Monday, April 25, 2016

Pattern Interrupt vs Smelly Kelly

Application of a Pattern Interrupt - Country Style


I had opportunity to employ the pattern interrupt concept outside of a marketing environment and I must say it was a smashing success!
A Pattern interrupt is a technique to change a particular thought, behavior or situation.

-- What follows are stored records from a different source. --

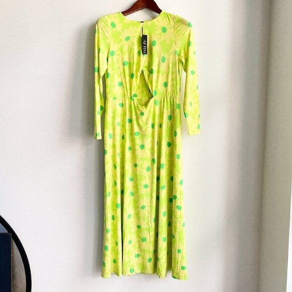 NWT AFRM Lime Green Yellow Floral Long Sleeve Jodi Dress L.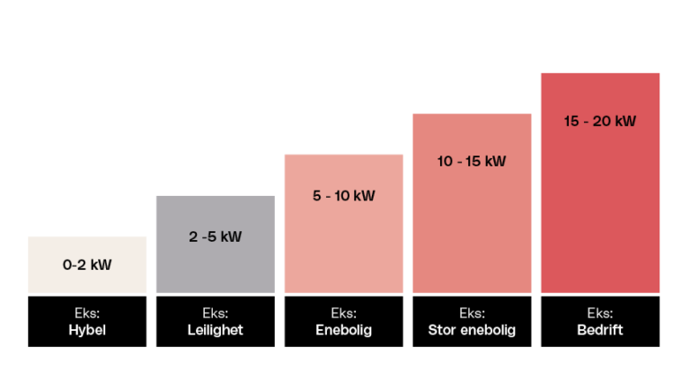 Figuren viser effektintervallene for kapasitetsleddet, og typisk maksimal timeverdi for ulike boligtyper.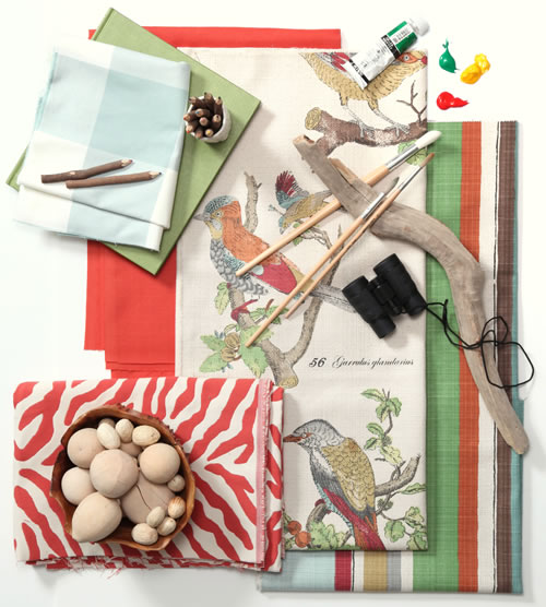 One of my favorite new collections from Calico Corners is the Allora Collection. I just love how all these fabrics look together.  I thought that this collection would make the sweetest nursery so I’ve designed one for you today!  Sources: fabrics, rug, roman shade fabric, pillow, side table, rocking chair, lamp, mobile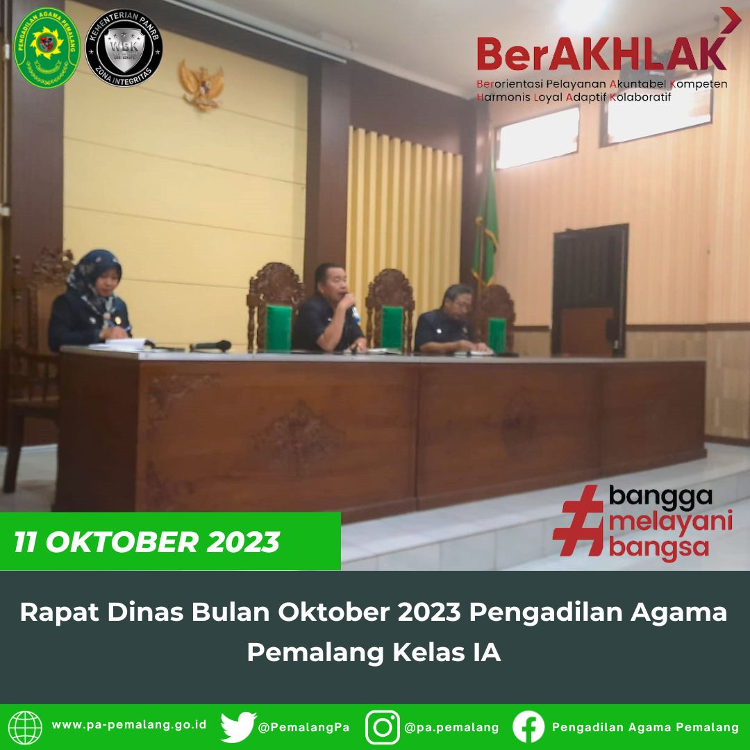 Seluruh Aparatur Pengadilan Agama Pemalang mengikuti Rapat Dinas Bulan Oktober yang dilaksanakan pukul 13.30 di Ruang Sidang Utama Abu Bakar Ash Shidiq. Membahas tentang Kinerja dalam 1 bulan terkahir dan membahas Pentingnya penerapan Disiplin. (EYK)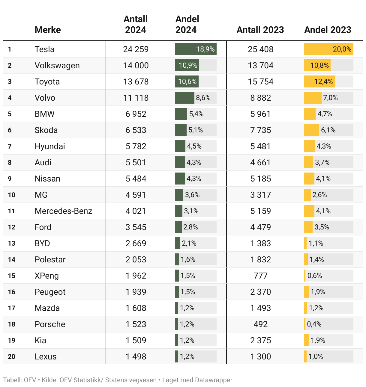 Grafikk: OFVKilde: OFV Statistikk/ Statens vegvesenLast ned dataLast ned bildeLaget med Datawrapper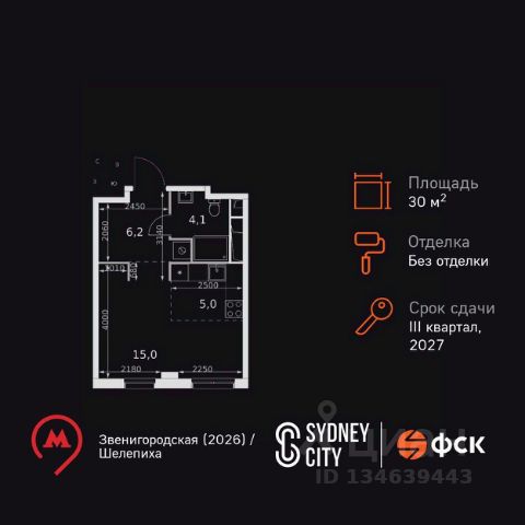 СТАНДАРТНАЯ ИПОТЕКА 10% БЕЗ НАЦЕНКИ! Прямая продажа от застройщика! Жилой Комплекс премиум-класса. Продаётся квартира-студия номер 434 общей площадью 30.8 кв.м. на 26-м этаже 27 этажного здания. Без отделки. Цена с учётом скидки. Особенности квартиры: - Линейная планировка - максимальная функциональность и удобство. - Увеличенная высота окна - больше воздуха и света. - Можно оборудовать рабочее место - комфорт для работы и учёбы. - Ниша под шкаф - компактное и удобное место для вещей. Информация о комплексе: Премиум-класс прямо на берегу Москвы-реки, с прямым выходом на набережную и потрясающими панорамными видами! На Шелепихинской набережной, расположен причал для речных трамваев. Вам станет доступна единственная столичная транспортная артерия, на которой никогда нет пробок: 20 минут до Москва-Сити, да еще и с вдохновляющими видами по пути. Входные группы домов - это индивидуальные дизайн-проекты, посвященные трем главным местам в жизни Лермонтова: Тарханам, Петербургу и Кавказу, которые объединяют сочетание эстетики и комфорта. Бурная жизнь соседей больше не сможет нарушить ваш покой, а к вам никто не постучит, если вы захотите прибавить громкость в любимом музыкальном треке или Ваши дети захотят устроить ночную пробежку! Живите только по своим правилам. В каждой квартире подключен базовый пакет Умная квартира забудьте о беспокойстве о протечке; настройте свои сценарии управления техникой и электричеством; общайтесь с Умной квартирой голосом; Можете легко расширить базовый пакет и подключить дополнительные опции и устройства, чтобы из любой точки мира управляй работой бытовых приборов и систем, например: включайте разогрев ужина; регулируйте яркость яркость света; регулируйте громкость музыки; настраивайте работу теплых полов; Транспортная доступность: В 50 м до новой станции метро "Звенигородская". Вторая улица от ЦАО и соседство с Москва-Сити. Все виды общественного транспорта, в том числе речные трамвайчики, в пешей доступности Внутренняя инфраструктура: Основная артерия жизни квартала - центральный бульвар. Вы с радостью обнаружите, что путь до престижных школ и вузов, развлечений и магазинов сжался до нескольких минут езды на машине. К вашим услугам: - муниципальные школы и ДОУ, музыкальные и спортивные школы, - 8 муниципальных ДОУ и 2 ДОУ с изучением английского языка - 5 медицинских учреждений - ТРЦ "Хорошо!" и "Авиапарк" - Сетевые фитнес-клубы World Class, X-Fit и др. - Горнолыжные склоны "Лата Трэк", ледовый дворец и гребной канал "Крылатское" и еще 7 природных парков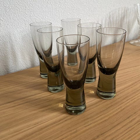 Holmegaard snapseglas i røgfarvet Glassene har en cylindrisk form og er fremstillet af klart, røgfarvet glas. Design Per Lütken 1965, 18444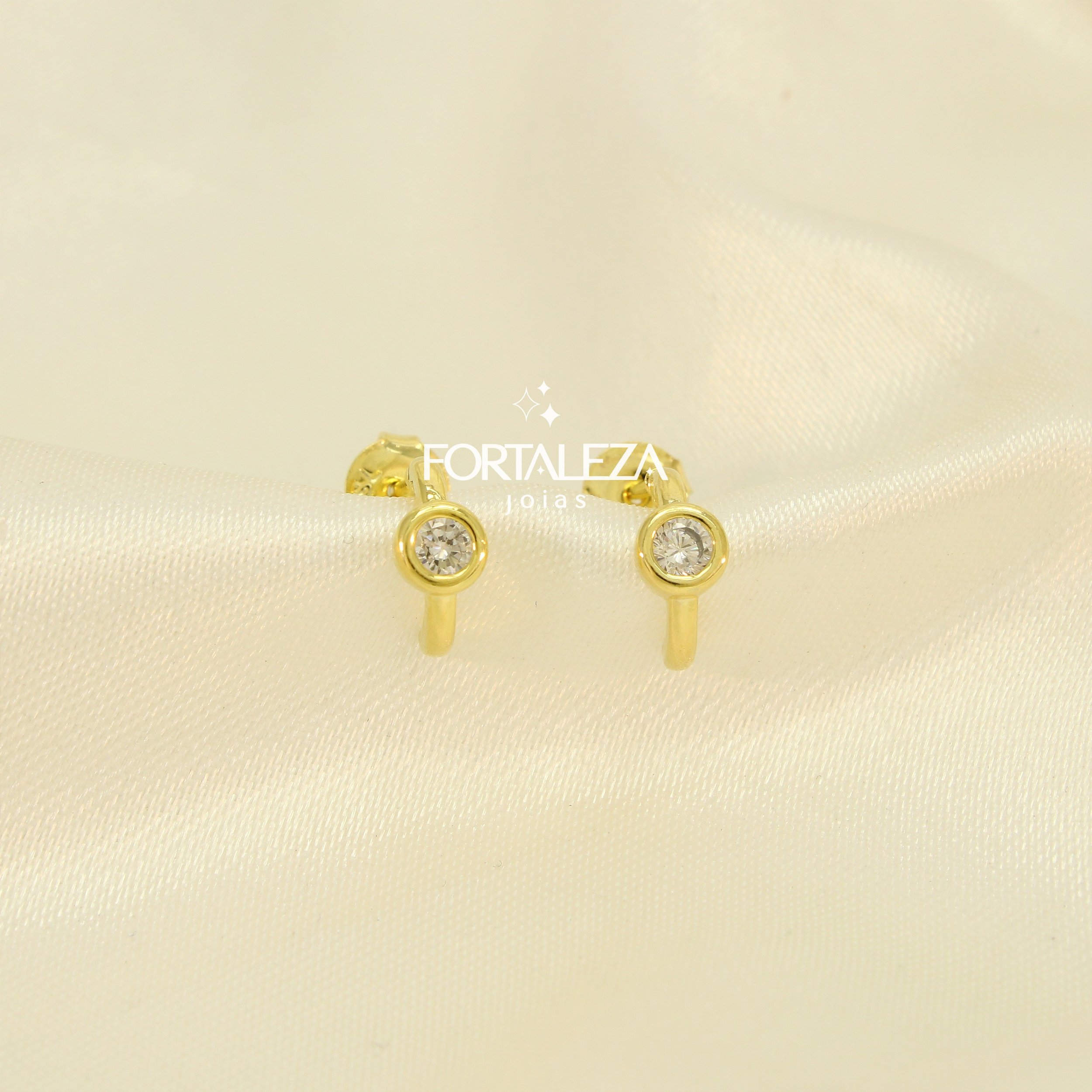 Brinco Meia Argola com Zircônia Cristal Banhado a Ouro 18k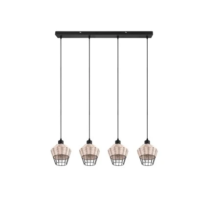 Die Reality Pendelleuchte 4-flammig Naturbelassen 95 cm x 17,5 cm ist eine Pendelleuchte im trendigen Rattangeflecht-Design, kombiniert mit Schwarz mattem Metall. Sie bietet nicht nur eine ansprechende Optik, sondern auch eine warme und gemütliche Atmosphäre in Ihrem Zuhause.
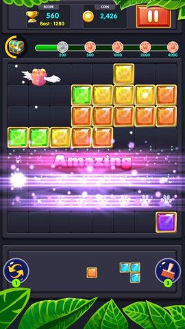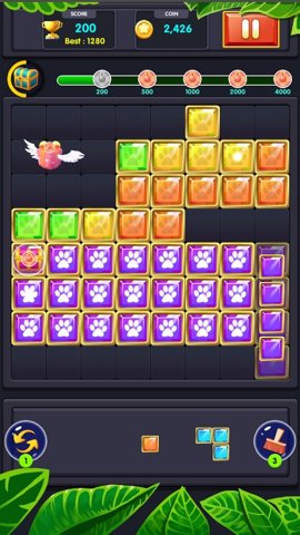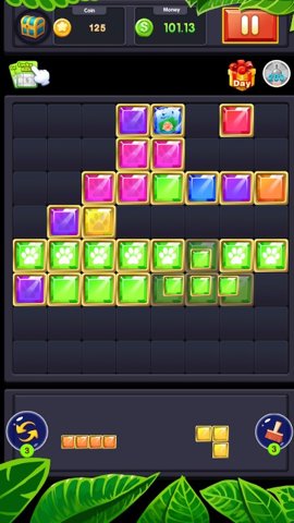 在游戏中,玩家的目标是通过拖动方块,填满水平或垂直的行。一旦一行或一列被填满,方块就会消失,玩家得分增加。游戏的操作非常直观,玩家只需用手指拖动方块到合适的位置,轻松完成拼图。随着关卡的推进,玩家会遇到越来越复杂的布局,需要更高的策略和思维能力来应对。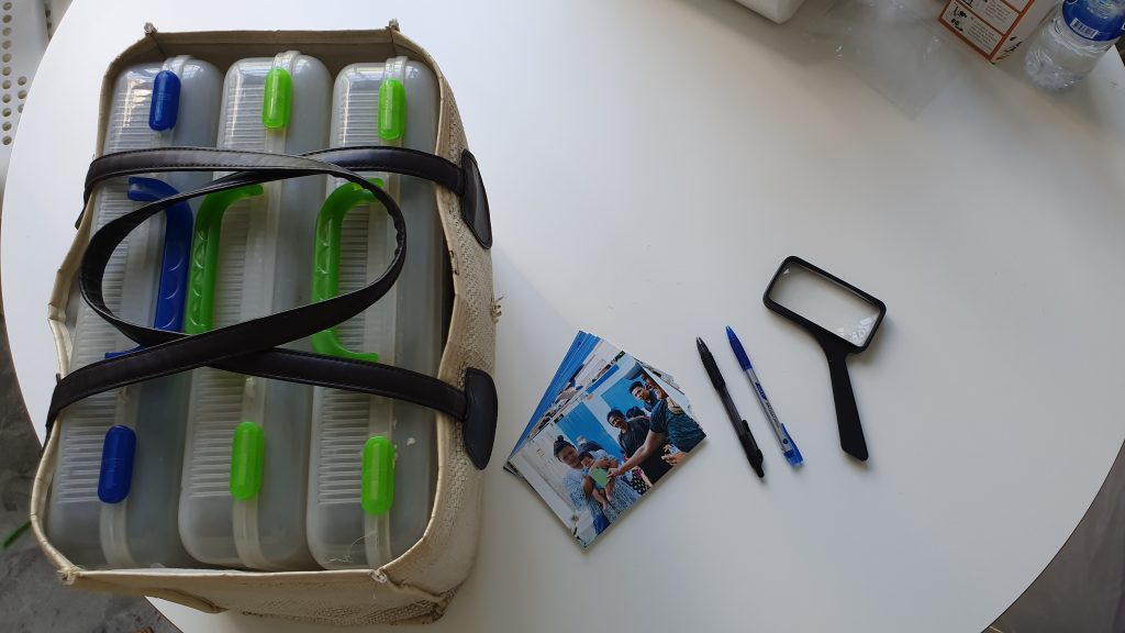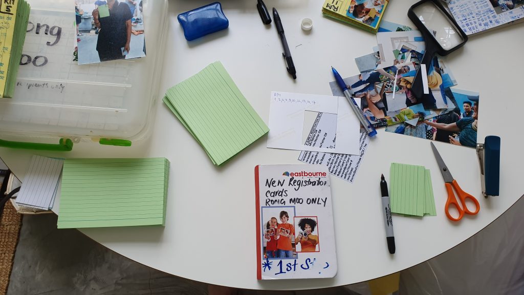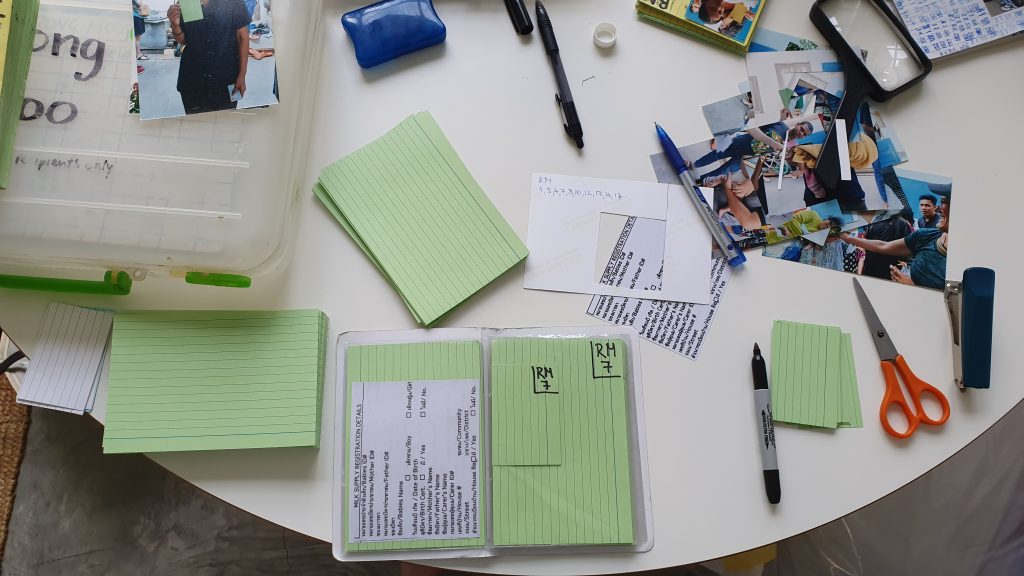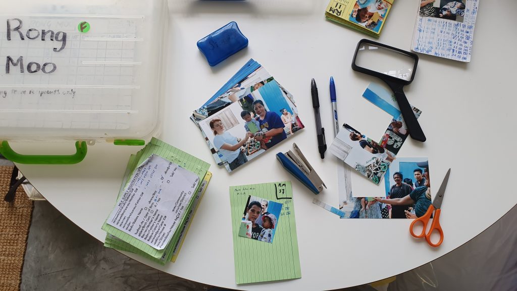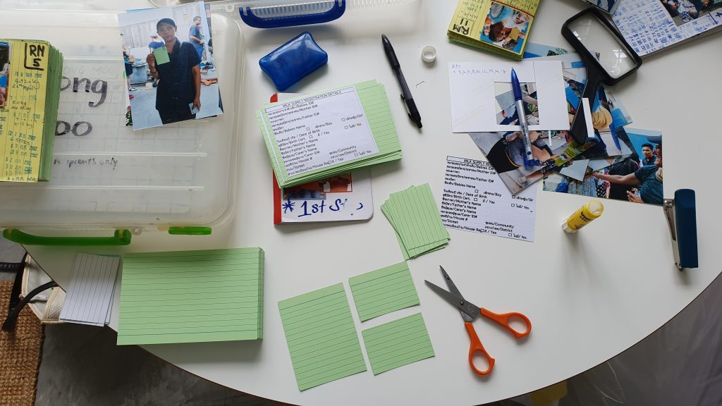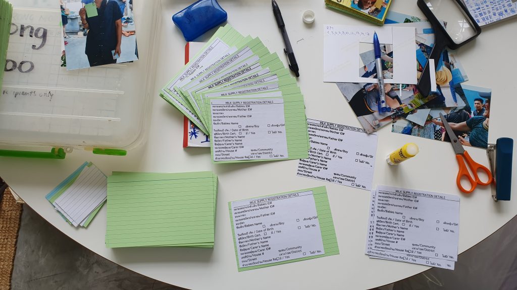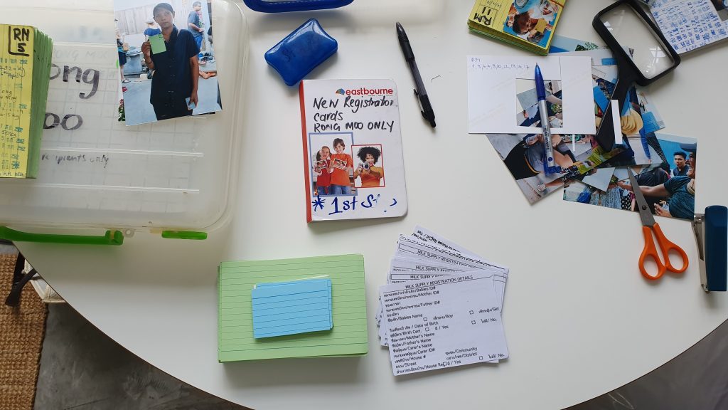Registration cards live in 3 separate boxes: 1 for the office supplies (blue handle) and 1 box each for the recipients from Rang Moo and Suan Ooy communities. Every 2 weeks, as we register new moms and have their pictures taken, we update the cards…We do 1 community at a time, first step: is to add the new photos to the cards. The photos should be taken from some distance so they can be cut to fit in the top-left corner of a registration card. A photo should clearly show faces of both mom and the baby.Once the photos are attached to the corresponding cards, second step: is to create enough new registration cards so we can add more moms that will come for the first time. The new registration cards are saved in small photo albums marked with “*1st” and “*2nd” – Rang Moo and Suan Ooy. New cards should be numbered using the numbers that are not used in the current stack of registration cards. To create more blank registration cards, the third step: is to make more photocopies of registration form, cut them into individual size and… … glue them to index cards we purchase at B2S or another office supply store. Finally, each new registration card should also have a corresponding small card that a mother will get to carry and show us when they come to collect milk formula. We create these small cards by cutting the index card in 4 equal pieces.

Behavioral psychology and neuro linguistic programming use this technique to interrupt and change thought patterns and behaviors.
CanCloseUpPattern interrupts apply to many things in life beyond marketing as demonstrated in the above Huffington Post piece.  However, my opportunity to apply the concept was a last ditch effort to get my  twice a week garbage pick up actually picked up on Tuesdays.  Apparently, my local garbage service, "Smelly Kelly's", has different drivers on the route past my place during the week.  Driver "A" does Tuesdays and Driver "B" does Fridays.  The Friday guy always took the garbage.  The Tuesday guy.... not so much.
Let me explain a little more for those that don't know me.  I live in the country.  We still burn our paper trash and compost our veggie stuff.  What makes it to the curb for trash collection is non-burnables and things that have to do with meat packaging that we don't want stinkin' up the burnables before they are burned.
There are also no leash laws out here and if anyone has a fence it's usually  barbed wire or something similar geared toward horses and cattle rather than dogs.  In an effort to keep the garbage in the can until "Smelly Kelly" arrives, we usually freeze any empty meat trays and wrappers until trash day to hold down the aroma that lures the neighbor dogs thus keeping the can upright and the stuff inside until it's collected.
When "Tuesday Guy" drove right on past and left the trash in the can , it was party time for the neighbor dogs.  I was picking up garbage from my driveway, strung out up the road to the neighbors place every week.  I had complained to the company to no avail.  Tuesday Guy would remember the week he got hollered at, and pass me up from then on.
One day I was thinking about how we get blind to certain types of advertising.  I thought about how I always plan a pattern interrupt in videos to get people to pay attention for a few seconds.  Then it hit me.  I'm pretty sure that trash collection is not the most scintillating occupation in the world.  I have a lot of big trees on my corner that makes it shady and darkish even in the afternoon,  My trashcan was a generic dark green plastic thing that probably blended in to the trees and brush, so if Tuesday Guy was thinking about anything else as he drove by, it did not demand his attention.  Like a generic advertisement it never registered as something he needed to take action on.CanAtRoad
The next time I went to town I picked up a big can of the brightest, most obnoxious, florescent fuchsia spray paint I could find.  Applying it to the dark green trashcan took some of the punch out of the color but it is still quite a standout among the bushes and vines at the roadside.  It is a visual pattern interrupt, and it works.  After months of frustration, without saying a word to anyone, my trash has been picked up faithfully every Tuesday since I painted the can 6 weeks ago.  That is effective advertising at its attention getting best.
We are all pounded with so much media input in our daily lives now that we have ceased to see a lot of what is right in front of us.  Run of the mill advertising is like the green trashcan, invisible.  In our various advertising and media campaigns we need to consistently find or create the fuchsia trashcan effect to stand out and get noticed by our target consumers.